= SOURCE MATERIAL =

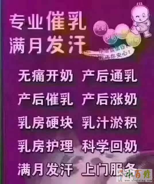 服务内容:产后开奶、 涨奶、 奶少, 奶水淤积严重形成的肿块, 乳腺堵塞导致的急慢性乳腺炎, 乳头凹陷皲裂所致喂奶困难, 回奶。www.xbaixing.com小百姓网
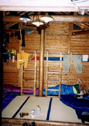 2段ベッドで上下4人収容でき、5畳の床。手前に広めの土間がある。 上にはランプがあり、明るく快適な雰囲気であった。 雨に濡れた衣類もこうして乾かせ、土間にも自転車など数台収納できる。 ひとしきり夜の宴会も終わり、シュラフに潜り込んで真に寝る前の様子。
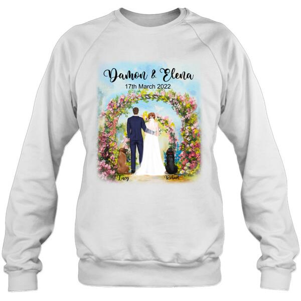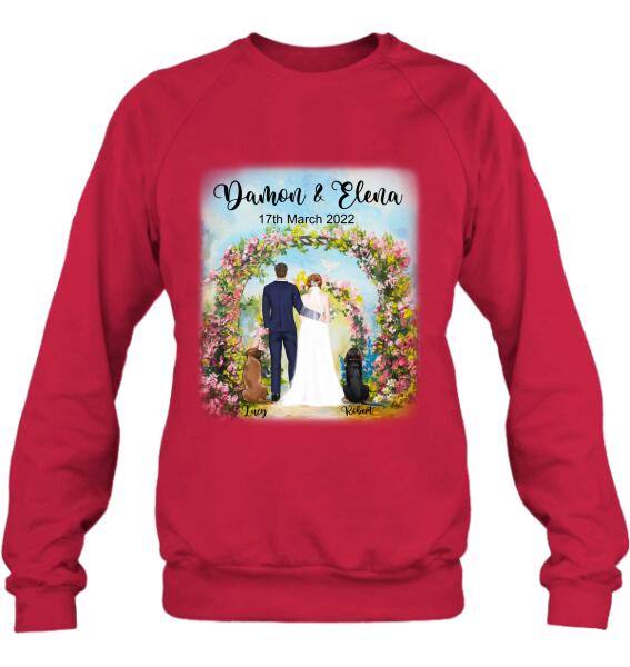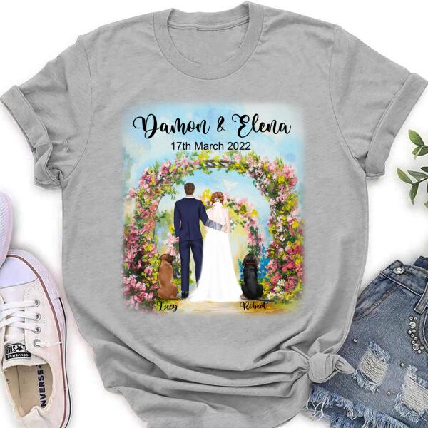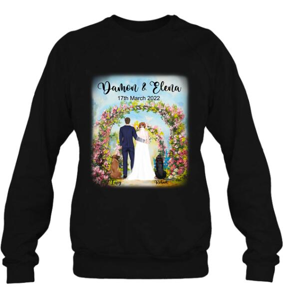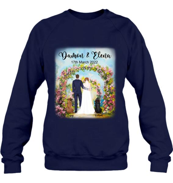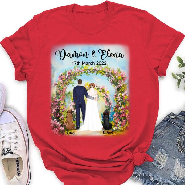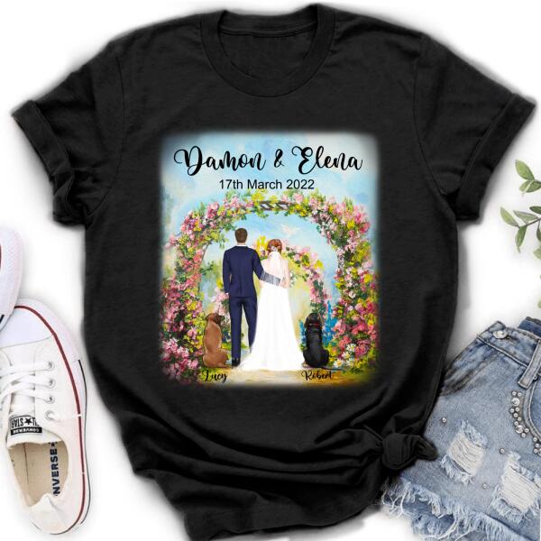 Custom Personalized Wedding T-Shirt – Wedding Gift For Couple – Upto 4 Dogs
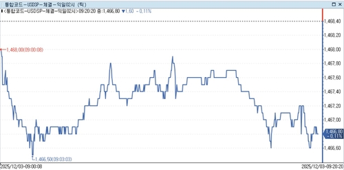 3일 서울 외환시장에서 달러-원 환율은 오전 9시 15분 현재 전일대비 1.40원 내린 1,467.00원에 거래됐다.
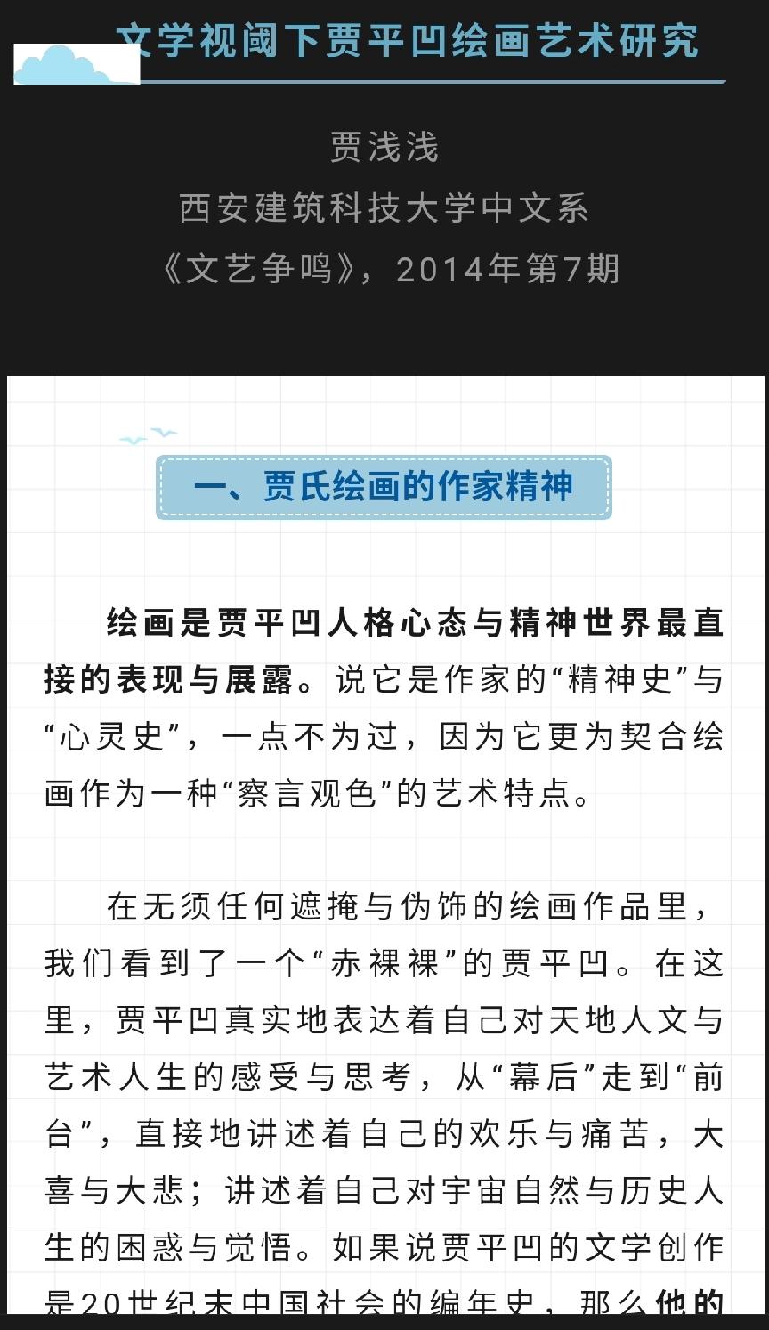 这次提到涉嫌抄袭的论文,其实是2014年贾浅浅写的论文《文学视阈下贾平凹绘画艺术研究》。后来被博主挖出该文多处引用别人文章但未注明出处。于是“抄袭”论文爆出,且引发热议。
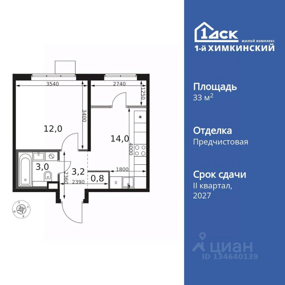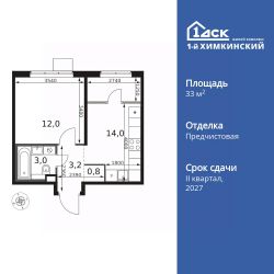 Продаётся 1-к квартира номер 576 общей площадью 33 кв.м. на 7-м этаже 17 этажного здания. Отделка Whitebox.
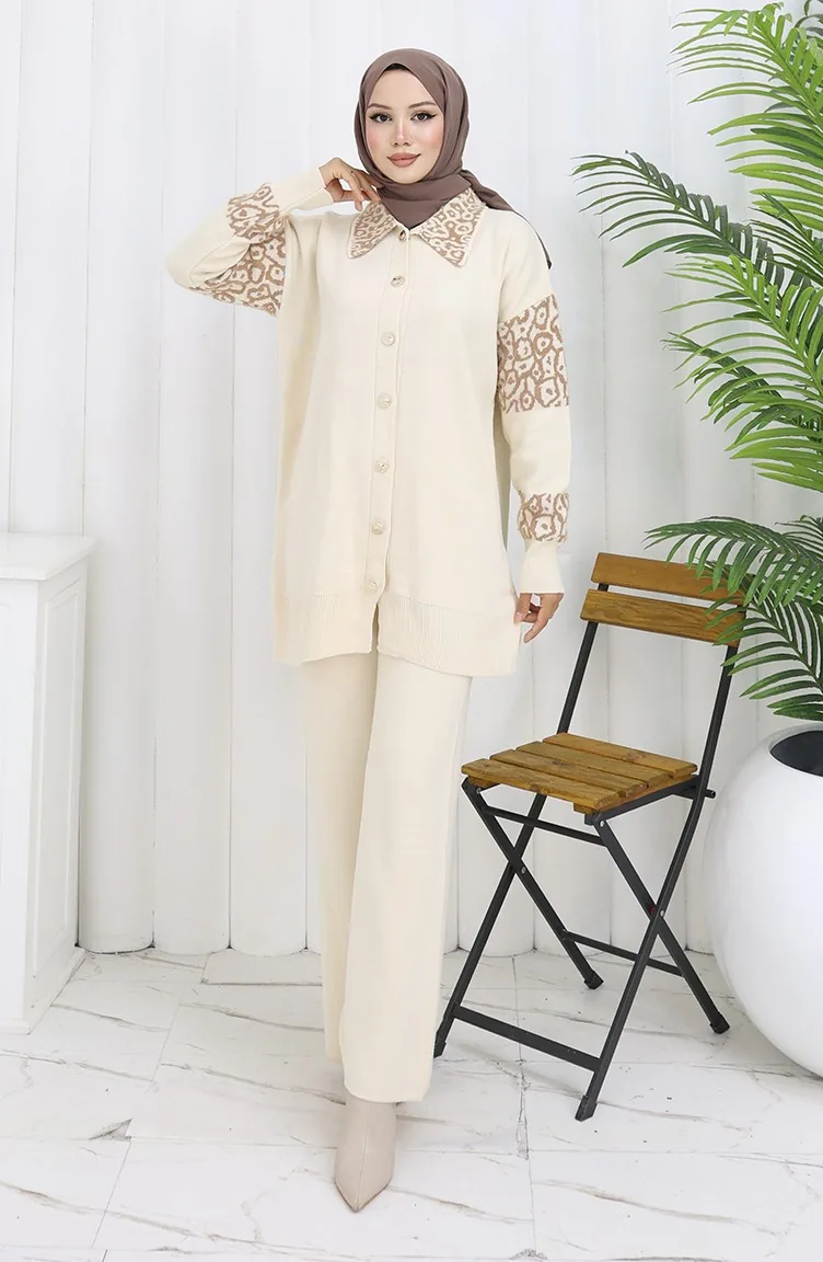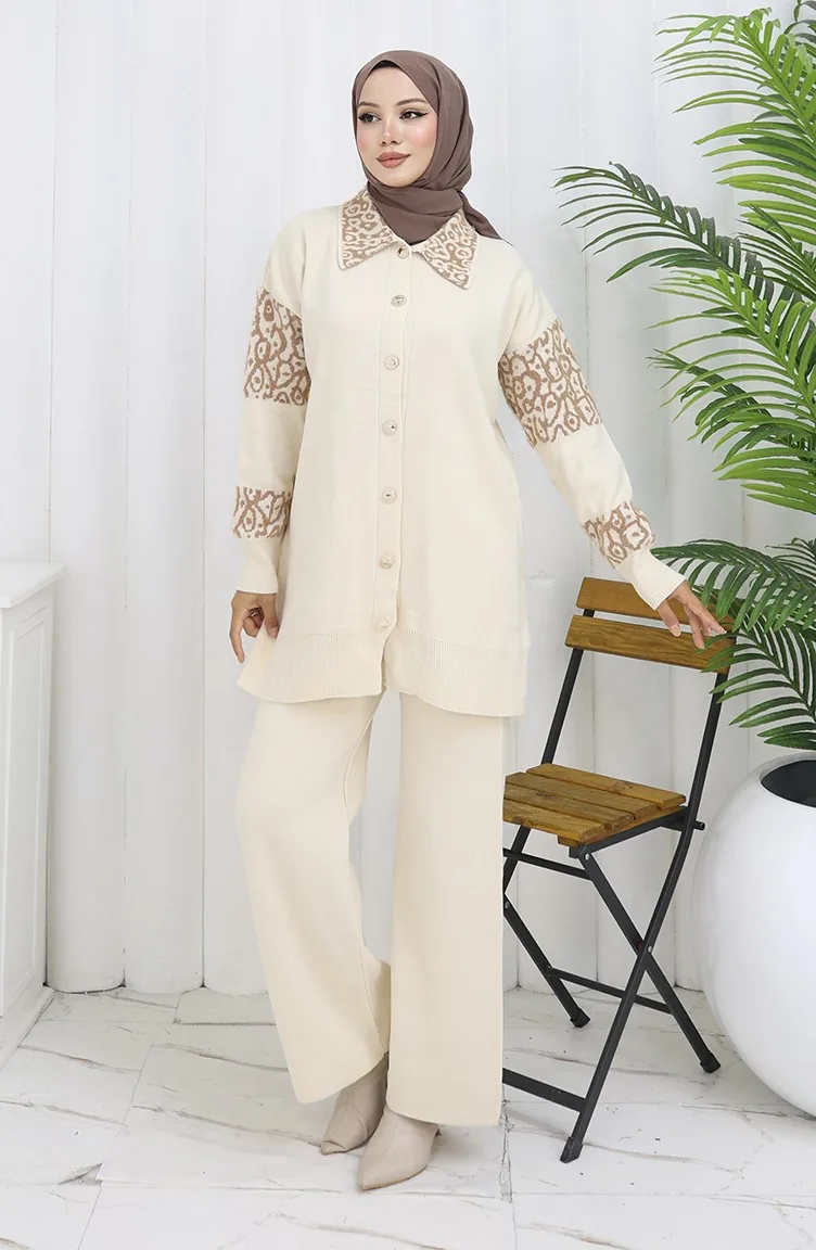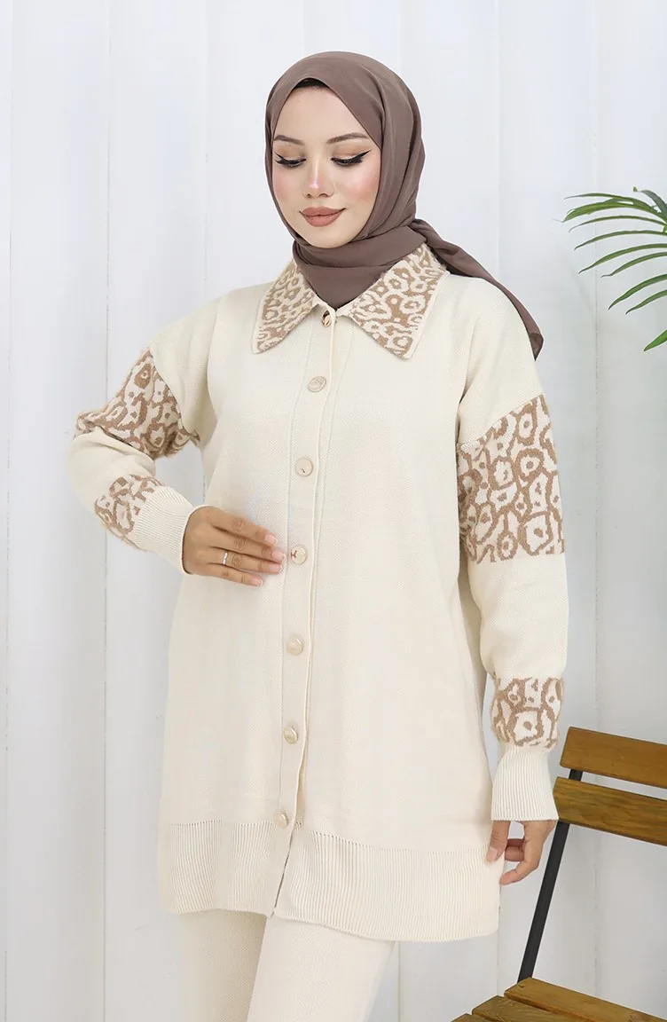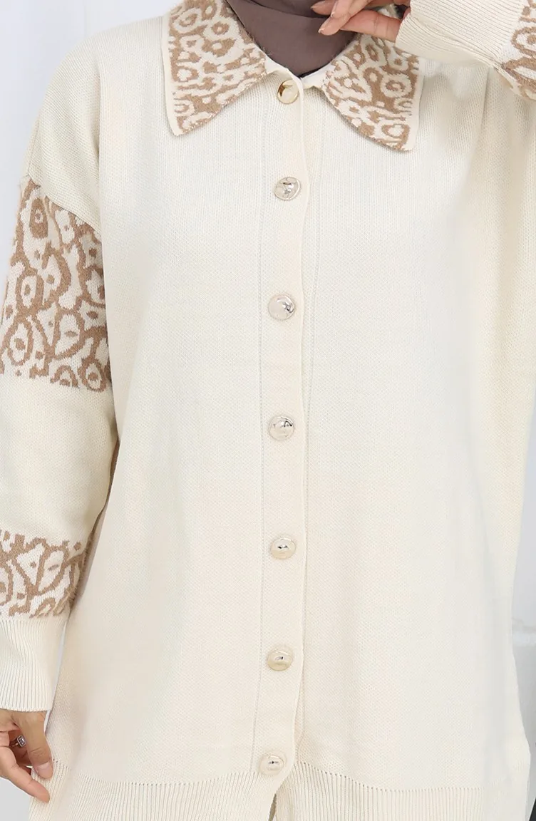 Gebreide Tuniek Met Knopen En Garnering Tweedelig Pak 1020-07 Beige 1020-07
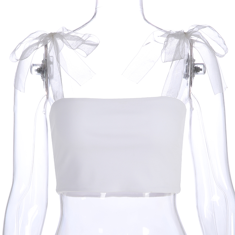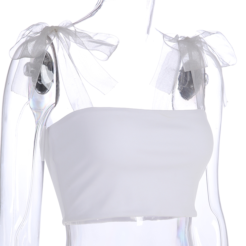 Cute White Patchwork Mesh Transparent Straps Tie Up Tank Top Crop Shirt Tee T-shirt E-Girl Kawaii Korean Japanese Harajuku Retro Streetwear Aesthetic

= THE PROBLEM =
Each line of the data must be transcribed exactly; pictures are not carried over.

= ANSWER SPACE =
 服务内容:产后开奶、 涨奶、 奶少, 奶水淤积严重形成的肿块, 乳腺堵塞导致的急慢性乳腺炎, 乳头凹陷皲裂所致喂奶困难, 回奶。www.xbaixing.com小百姓网
 2段ベッドで上下4人収容でき、5畳の床。手前に広めの土間がある。 上にはランプがあり、明るく快適な雰囲気であった。 雨に濡れた衣類もこうして乾かせ、土間にも自転車など数台収納できる。 ひとしきり夜の宴会も終わり、シュラフに潜り込んで真に寝る前の様子。
 Custom Personalized Wedding T-Shirt – Wedding Gift For Couple – Upto 4 Dogs
 3일 서울 외환시장에서 달러-원 환율은 오전 9시 15분 현재 전일대비 1.40원 내린 1,467.00원에 거래됐다.
 这次提到涉嫌抄袭的论文,其实是2014年贾浅浅写的论文《文学视阈下贾平凹绘画艺术研究》。后来被博主挖出该文多处引用别人文章但未注明出处。于是“抄袭”论文爆出,且引发热议。
 Продаётся 1-к квартира номер 576 общей площадью 33 кв.м. на 7-м этаже 17 этажного здания. Отделка Whitebox.
 Gebreide Tuniek Met Knopen En Garnering Tweedelig Pak 1020-07 Beige 1020-07
 Cute White Patchwork Mesh Transparent Straps Tie Up Tank Top Crop Shirt Tee T-shirt E-Girl Kawaii Korean Japanese Harajuku Retro Streetwear Aesthetic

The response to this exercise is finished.